Screen readers on Linux¶
Current status: Linux TTS integration is a stub. The
speak()function logs text to the Python logger (lights_off.speak) at INFO level instead of calling a TTS engine. No speech is produced unless you configure a separate log consumer.
This page describes the current state and how to add Speech Dispatcher support yourself while waiting for an official implementation.
Current behaviour¶
lights_off/speak.py on Linux:
import logging as _logging
_log = _logging.getLogger("lights_off.speak")
def speak(text, interrupt=False):
_log.info("speak: %s", text)
Manually adding Speech Dispatcher¶
Speech Dispatcher is the standard TTS middleware on Linux. It is used by Orca (the GNOME screen reader), Emacspeak, and many other accessible applications.
1. Install Speech Dispatcher¶
sudo apt install speech-dispatcher python3-speechd # Debian/Ubuntu
sudo dnf install speech-dispatcher # Fedora
2. Install the Python binding¶
pip install speechd
3. Patch speak.py¶
Replace the Linux branch in lights_off/speak.py:
else:
import speechd as _speechd
_client = _speechd.SSIPClient("lights-off")

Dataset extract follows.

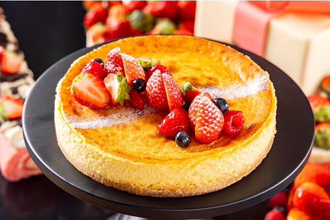 砕いたグラハムクッキーを底に敷いて焼き上げた濃厚なチーズケーキに、フレッシュストロベリーやラズベリーなどでデコレーション。

_client.set_output_module("espeak-ng")
_client.set_language("en")
def speak(text, interrupt=False):
if interrupt:
_client.cancel()
_client.say(text)
4. Start Speech Dispatcher¶
speech-dispatcher
Or it may be started automatically by your desktop session.
Orca¶
Orca is the primary screen reader for the GNOME
desktop. It uses AT-SPI2 (Assistive Technology Service Provider Interface) to interact
with applications. wxPython on Linux exposes AT-SPI2 accessibility information, so Orca
can announce focused controls, but Lights Off's own speak() calls will not reach Orca
unless Speech Dispatcher is configured as described above.
Contributing¶
If you get Speech Dispatcher working, please open a pull request to add it to the upstream
speak.py. The pattern is already established — it is a clean else branch with no
platform-specific dependencies at import time.